You might ask: Why does the broader societal attack on the liberal arts matter to health care if medical educators are compensating for cuts in the humanities taking place on the undergraduate level? But medical school is too late for students to get the grounding in the liberal arts that can prepare them for success in their chosen career, as well as for success in life as well-rounded, broad-minded, compassionate human beings.

This is why doctor and poet Lewis Thomas advocated decades ago that medical schools should admit applicants who focused on classical liberal arts subjects rather than pre-med studies in college. I have long observed that students with this background adapt more readily to the demands of medical school. Liberal arts studies nurture crucial human capacities, including curiosity, critical thinking and analysis, empathy and compassion, ethics and integrity, appreciation for diverse perspectives, and a growth mindset.

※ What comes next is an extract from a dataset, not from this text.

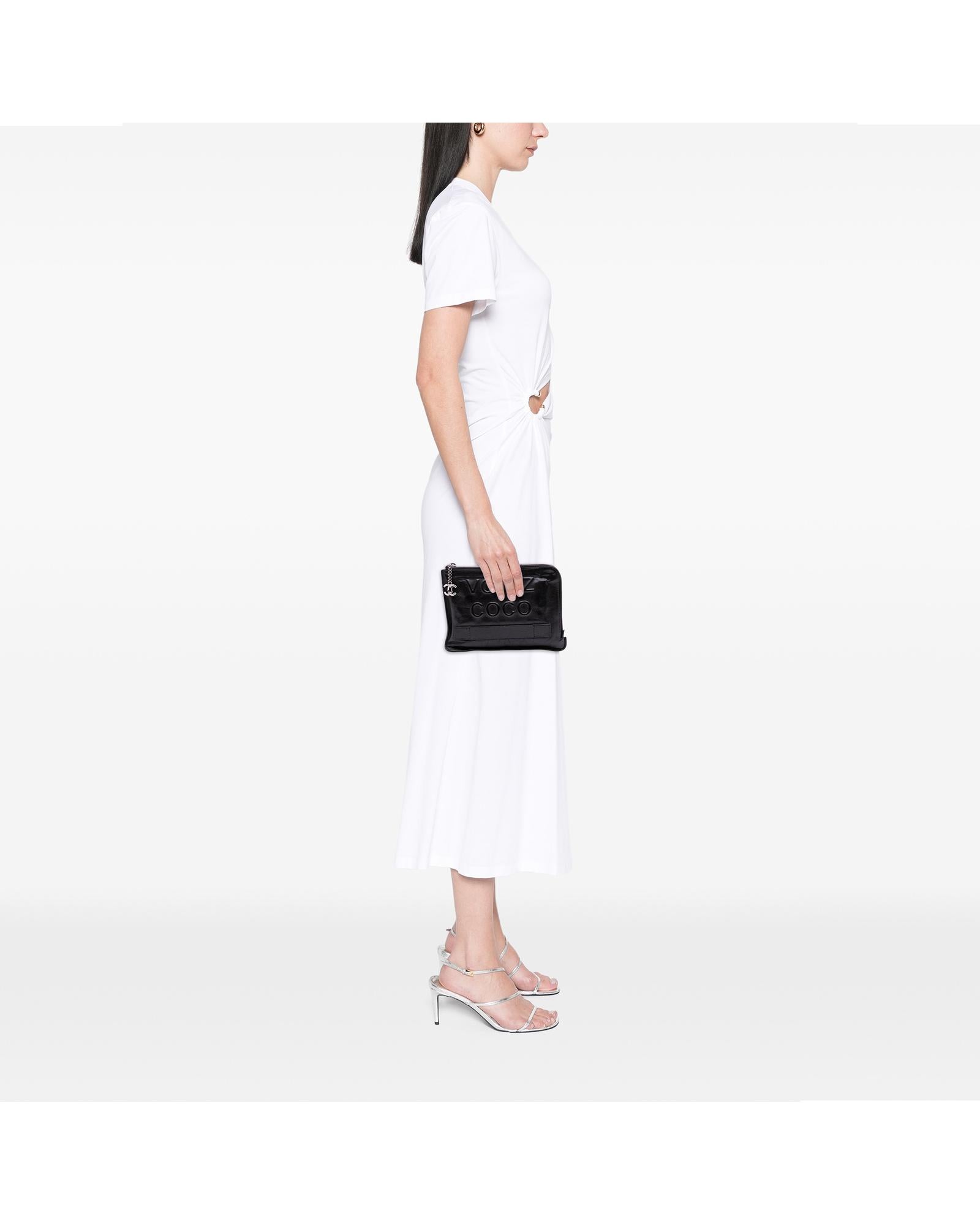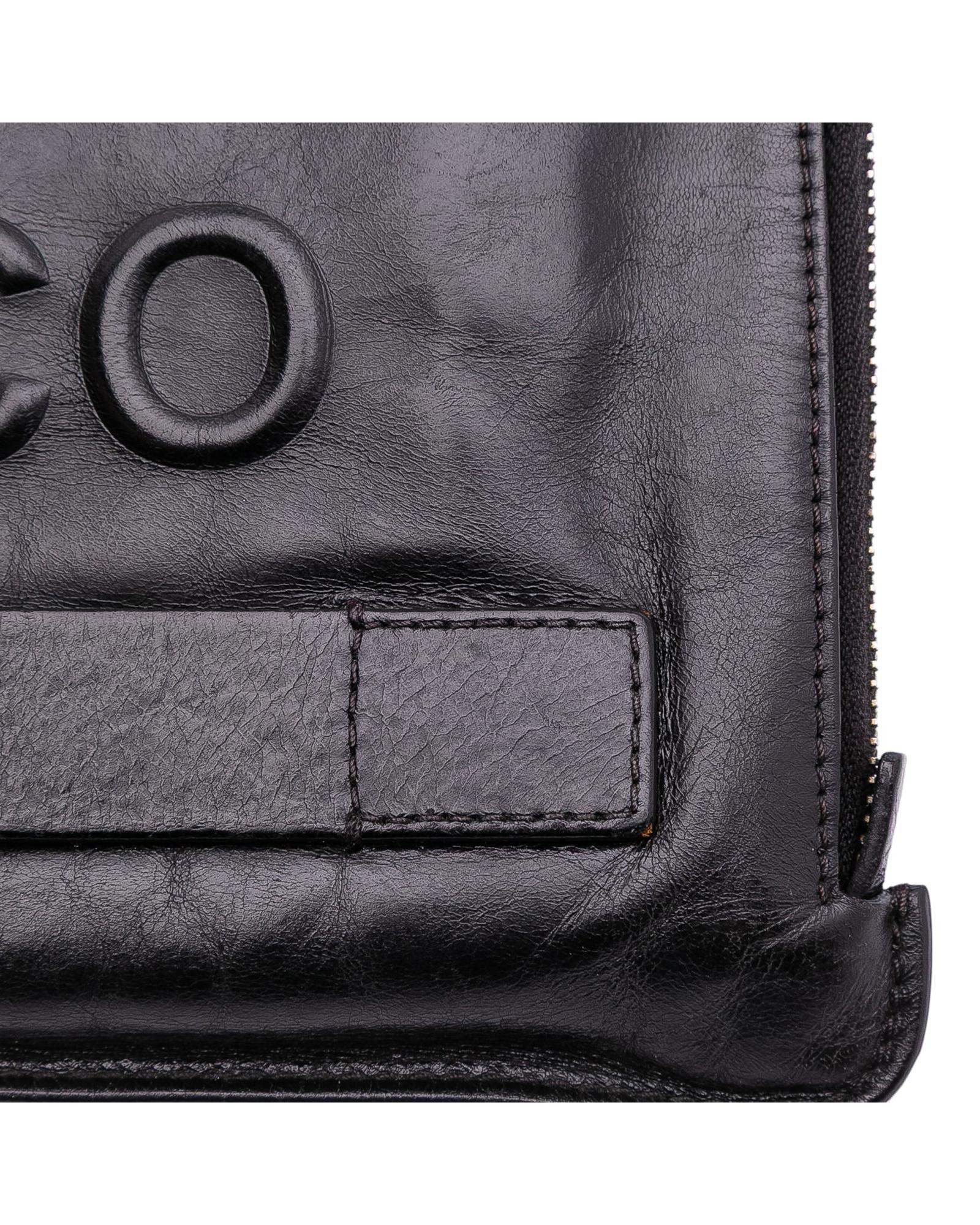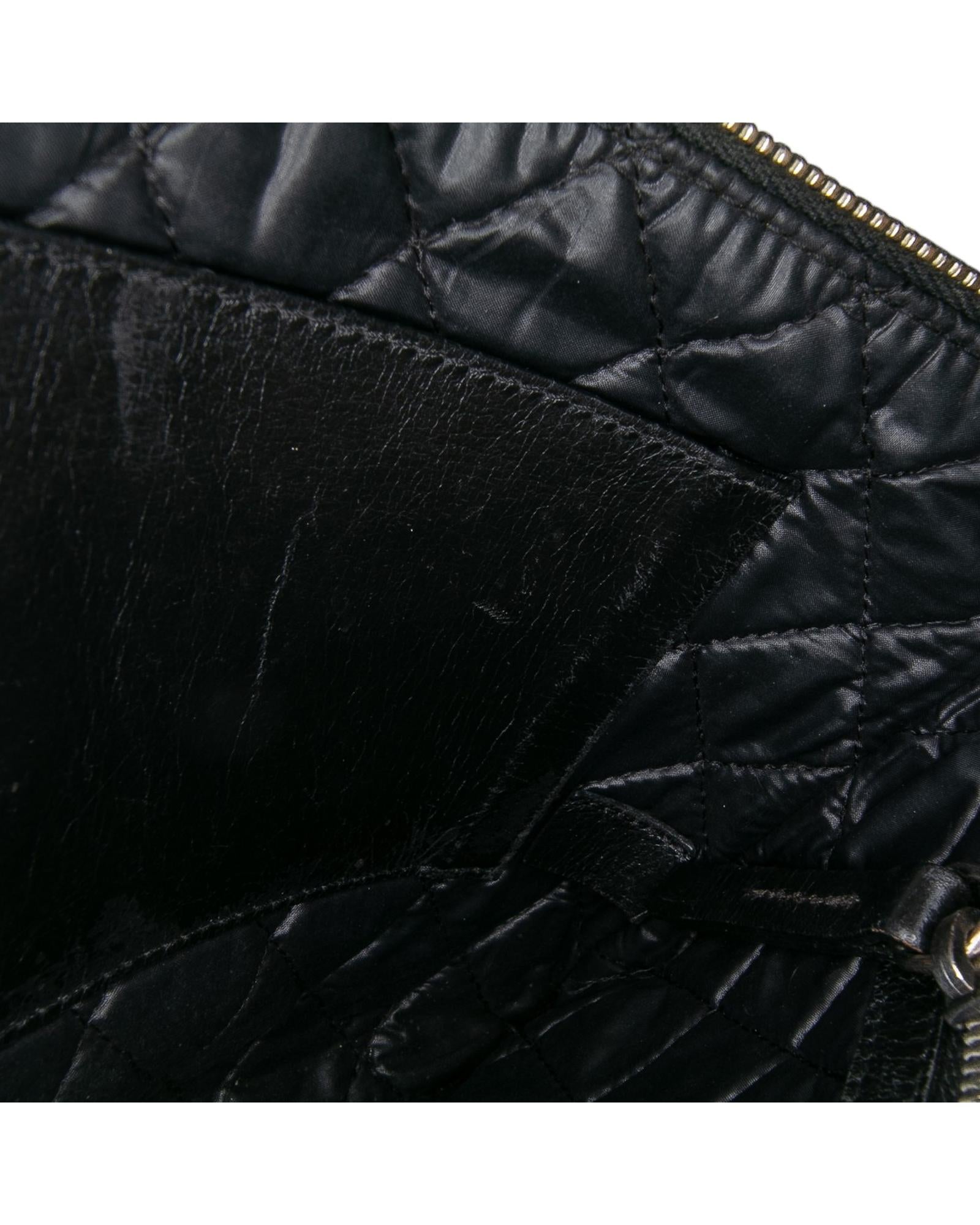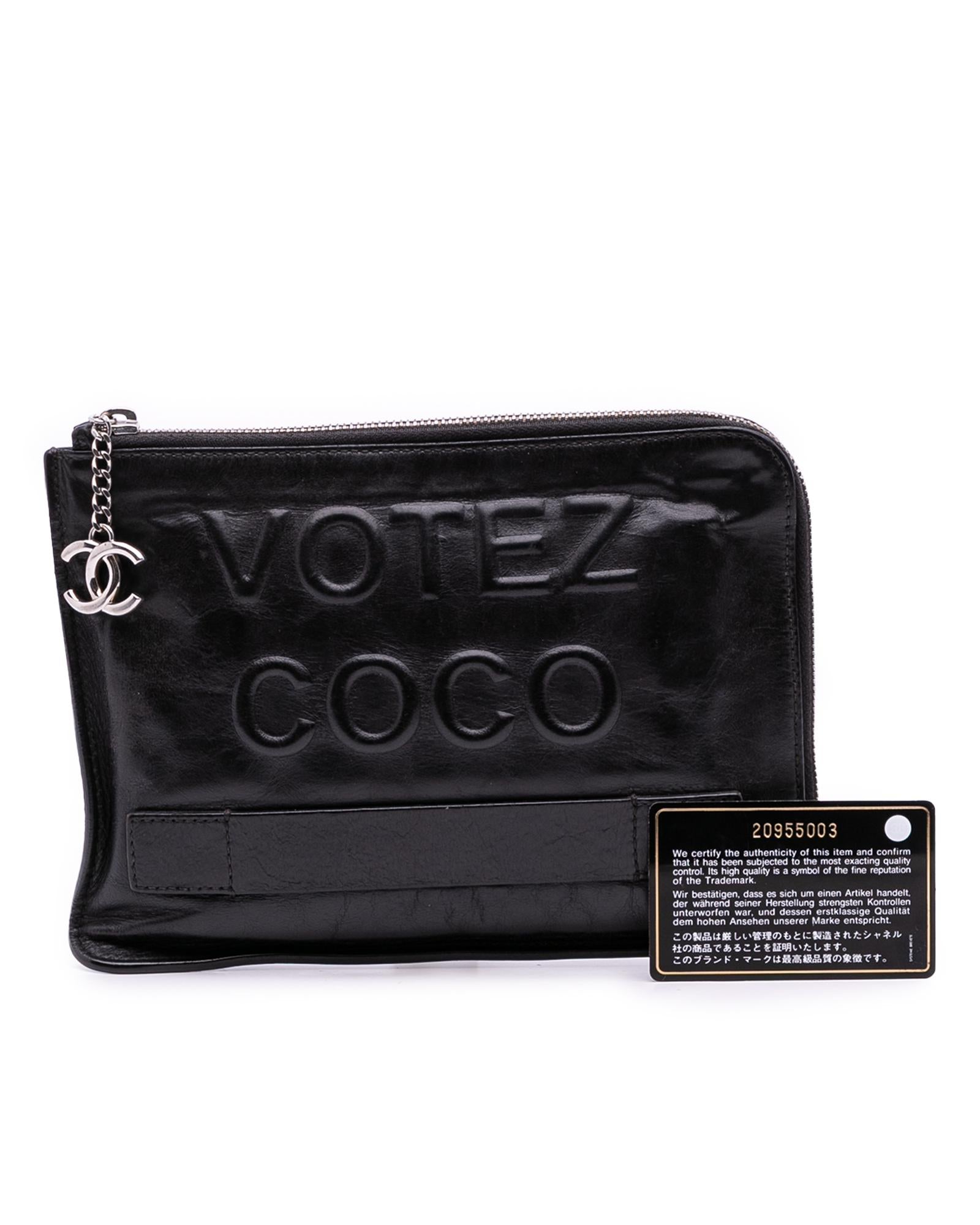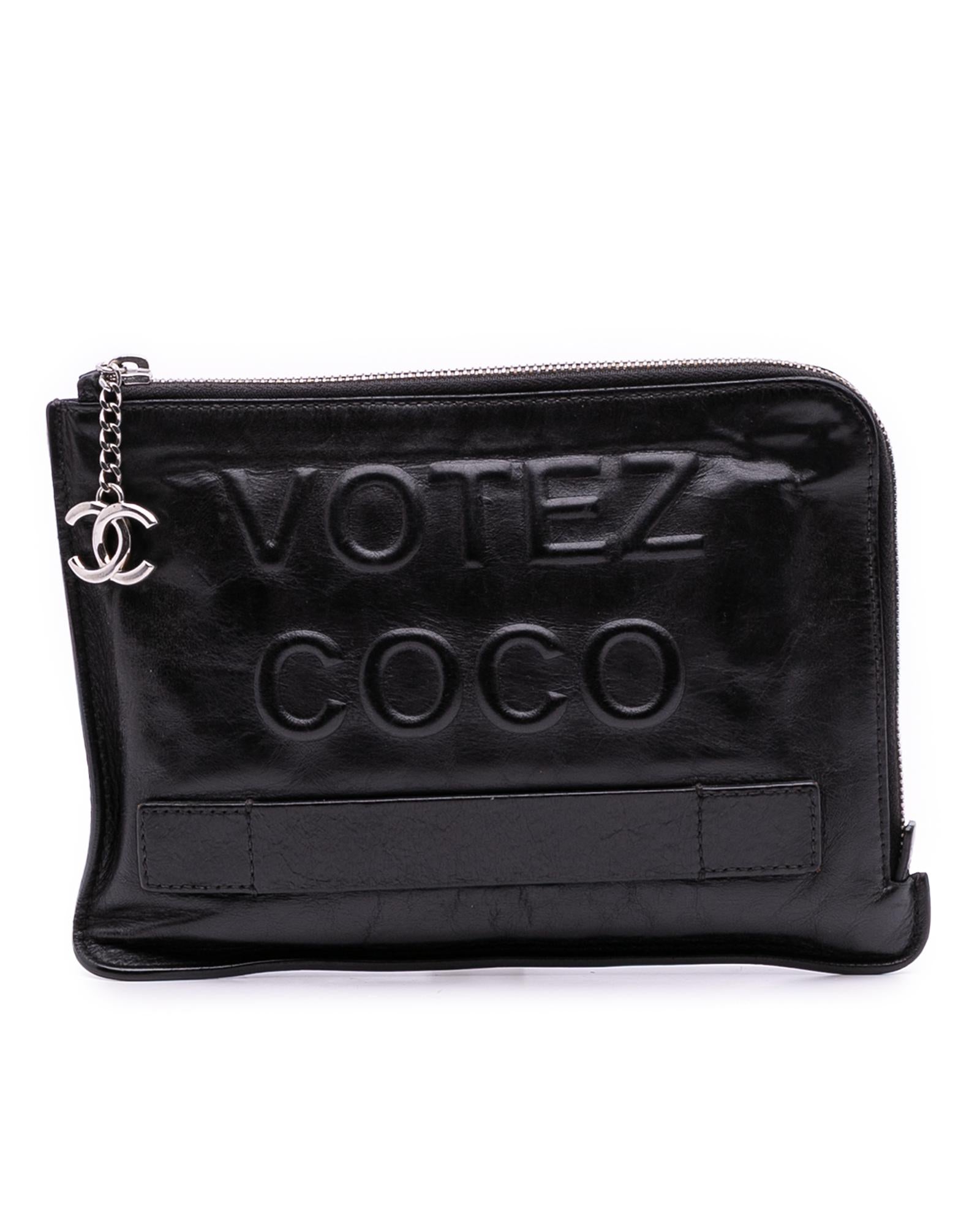 This clutch bag features a lambskin leather body an exterior back slip pocket a top zip closure and interior zip and slip pockets.

The humanities also remind us that we are much more than highly specialized technicians — as Walt Whitman wrote, we “contain multitudes.” All of this differentiates us fundamentally from ChatGPT and the other sophisticated technologies we developed and now rely on to enhance our human abilities.

Our world is rapidly growing more complex — one estimate suggests medical information is doubling every 73 days, much faster than “our ability to assimilate and apply it effectively” — but this is a reality of our own making. We must not fear or fight complexity, but find the best strategies to embrace it, harness it, use it to propel humanity forward. The liberal arts offer us the best preparation for the challenge ahead.

Holly J. Humphrey, M.D., MACP, is president of the Josiah Macy Jr. Foundation.